§ **PROBLEM REQUIREMENTS**
Quote the entries below from the line with "Air Bank's customer" through the line with "My Black Sea", both ends included, and only those lines.

** RECORDS FOR THE TASK follows **

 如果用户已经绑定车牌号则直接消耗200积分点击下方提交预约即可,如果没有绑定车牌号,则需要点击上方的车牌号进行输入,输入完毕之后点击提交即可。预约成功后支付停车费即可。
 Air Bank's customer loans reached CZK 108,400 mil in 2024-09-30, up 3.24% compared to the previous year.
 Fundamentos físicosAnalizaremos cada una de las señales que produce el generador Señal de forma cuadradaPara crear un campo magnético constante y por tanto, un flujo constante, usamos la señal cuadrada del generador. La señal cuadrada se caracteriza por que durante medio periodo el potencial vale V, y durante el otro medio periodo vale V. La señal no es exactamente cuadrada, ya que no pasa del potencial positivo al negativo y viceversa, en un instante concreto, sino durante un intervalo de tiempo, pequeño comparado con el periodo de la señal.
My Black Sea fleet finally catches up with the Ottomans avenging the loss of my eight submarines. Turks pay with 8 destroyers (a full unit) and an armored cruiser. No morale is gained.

** End of RECORDS FOR THE TASK **
** RECORDS FOR THE TASK follows **

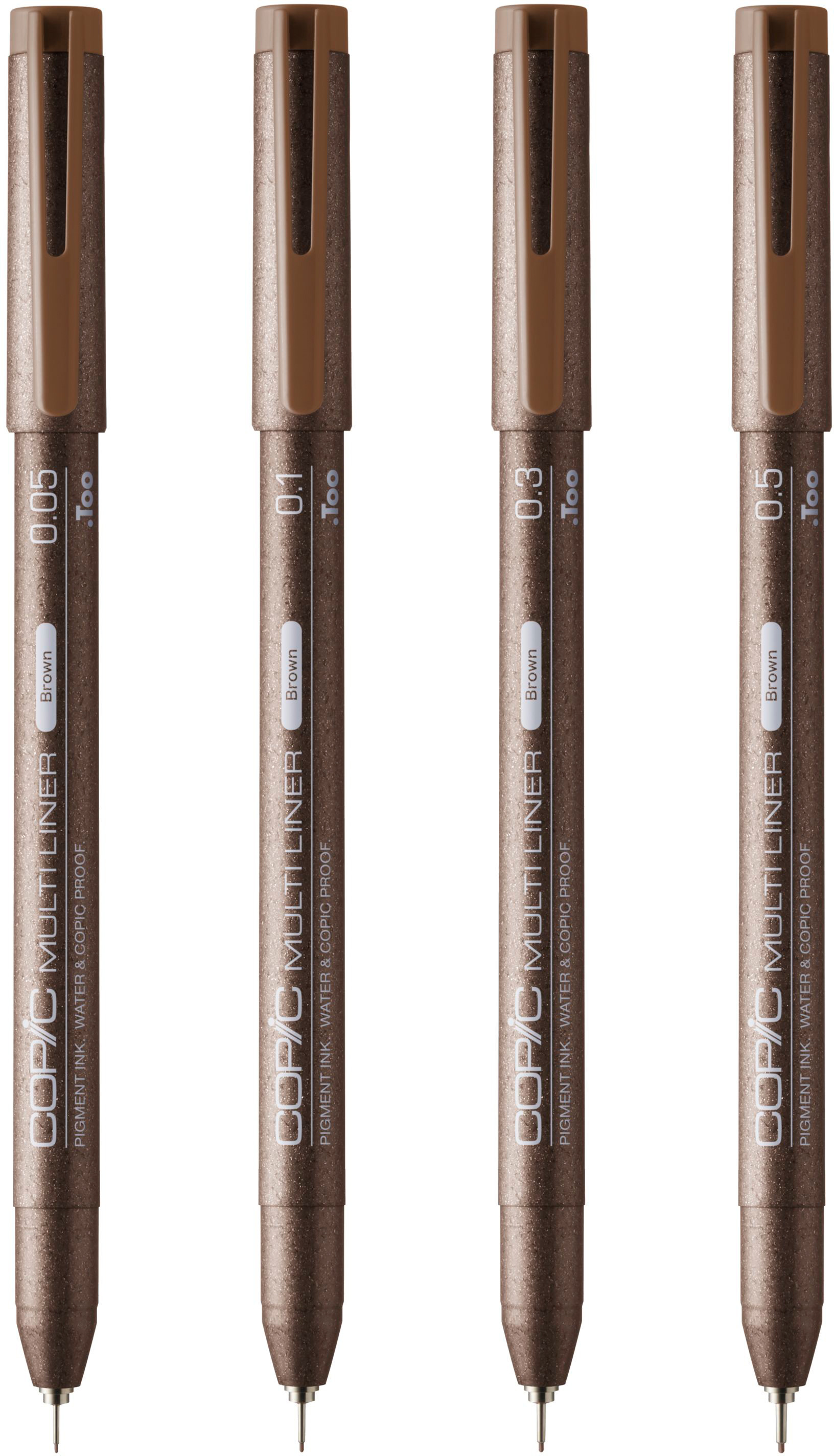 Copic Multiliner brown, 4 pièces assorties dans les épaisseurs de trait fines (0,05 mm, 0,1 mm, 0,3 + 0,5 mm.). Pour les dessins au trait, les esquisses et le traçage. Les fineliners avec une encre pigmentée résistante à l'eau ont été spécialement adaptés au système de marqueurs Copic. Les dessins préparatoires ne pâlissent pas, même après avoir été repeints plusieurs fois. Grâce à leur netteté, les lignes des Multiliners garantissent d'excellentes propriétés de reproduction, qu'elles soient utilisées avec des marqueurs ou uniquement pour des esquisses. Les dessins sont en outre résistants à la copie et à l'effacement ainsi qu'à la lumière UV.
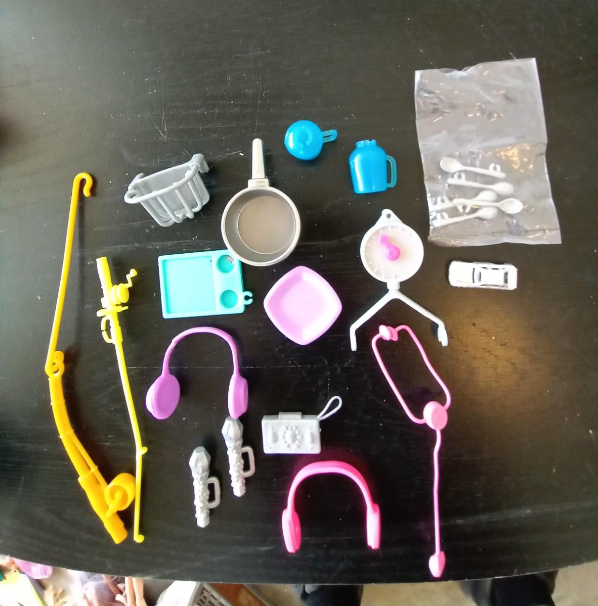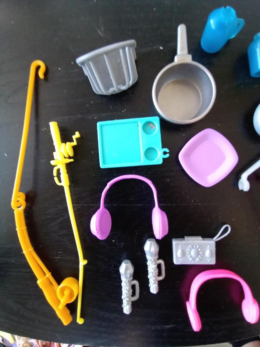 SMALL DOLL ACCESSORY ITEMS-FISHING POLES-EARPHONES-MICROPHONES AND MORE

** End of RECORDS FOR THE TASK **
** RECORDS FOR THE TASK follows **

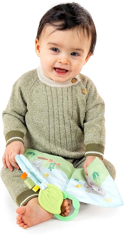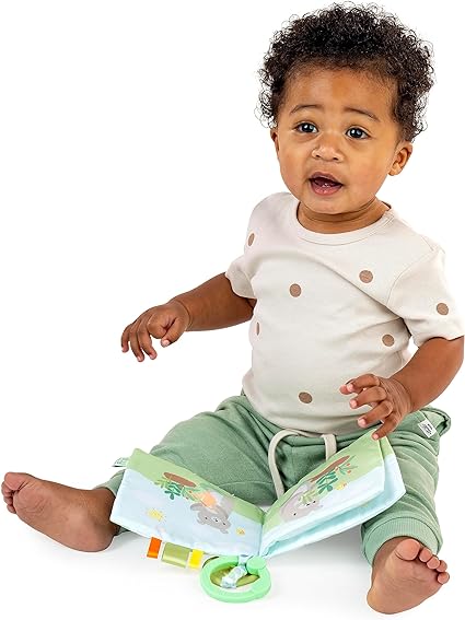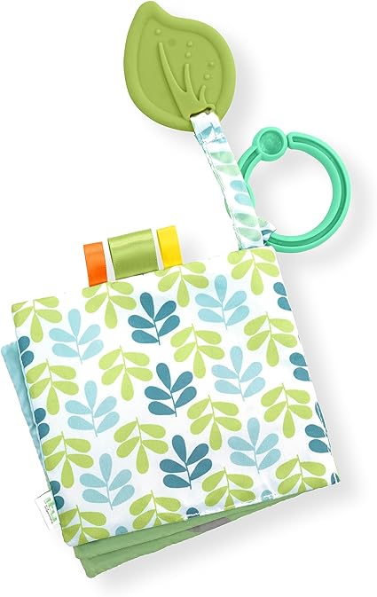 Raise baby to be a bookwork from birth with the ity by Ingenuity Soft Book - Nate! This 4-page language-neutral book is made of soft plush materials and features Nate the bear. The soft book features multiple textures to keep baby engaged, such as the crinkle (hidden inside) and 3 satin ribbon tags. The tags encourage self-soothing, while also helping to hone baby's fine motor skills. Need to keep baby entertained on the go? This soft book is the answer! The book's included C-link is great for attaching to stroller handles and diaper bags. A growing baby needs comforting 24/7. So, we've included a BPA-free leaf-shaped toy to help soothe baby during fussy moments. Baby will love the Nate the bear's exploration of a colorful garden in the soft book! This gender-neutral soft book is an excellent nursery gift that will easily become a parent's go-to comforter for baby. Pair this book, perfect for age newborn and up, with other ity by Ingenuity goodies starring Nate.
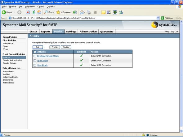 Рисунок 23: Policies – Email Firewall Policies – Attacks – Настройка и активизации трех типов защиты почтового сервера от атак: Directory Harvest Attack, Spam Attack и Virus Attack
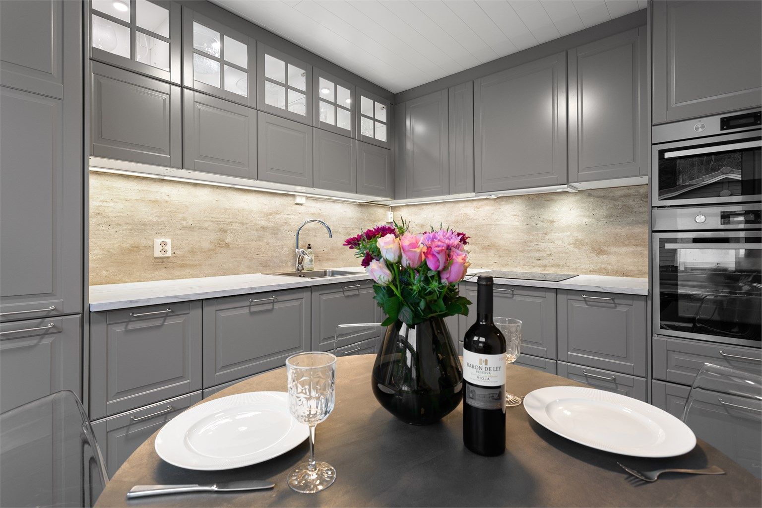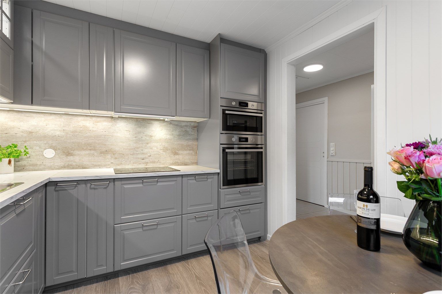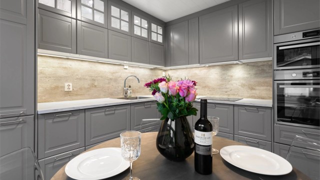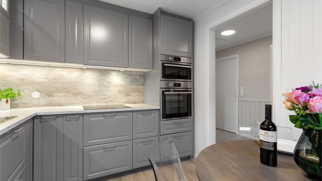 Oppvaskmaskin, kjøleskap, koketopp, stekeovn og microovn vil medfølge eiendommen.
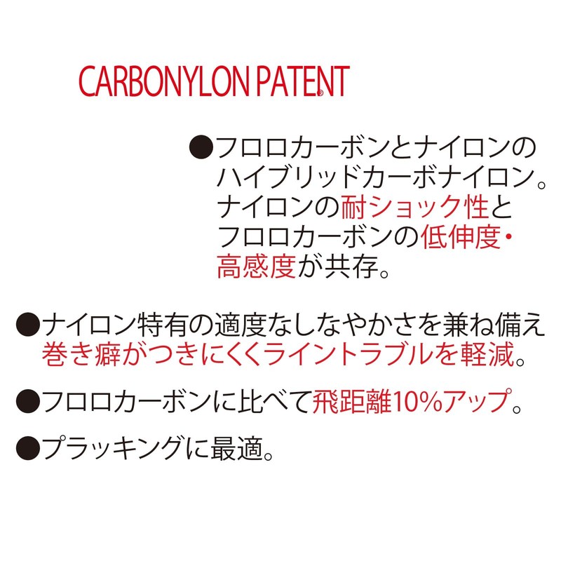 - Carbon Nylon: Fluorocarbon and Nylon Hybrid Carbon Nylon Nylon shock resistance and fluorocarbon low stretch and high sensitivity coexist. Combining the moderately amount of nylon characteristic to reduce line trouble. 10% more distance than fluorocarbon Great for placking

** End of RECORDS FOR THE TASK **

§ **SOLUTION**
 Air Bank's customer loans reached CZK 108,400 mil in 2024-09-30, up 3.24% compared to the previous year.
 Fundamentos físicosAnalizaremos cada una de las señales que produce el generador Señal de forma cuadradaPara crear un campo magnético constante y por tanto, un flujo constante, usamos la señal cuadrada del generador. La señal cuadrada se caracteriza por que durante medio periodo el potencial vale V, y durante el otro medio periodo vale V. La señal no es exactamente cuadrada, ya que no pasa del potencial positivo al negativo y viceversa, en un instante concreto, sino durante un intervalo de tiempo, pequeño comparado con el periodo de la señal.
My Black Sea fleet finally catches up with the Ottomans avenging the loss of my eight submarines. Turks pay with 8 destroyers (a full unit) and an armored cruiser. No morale is gained.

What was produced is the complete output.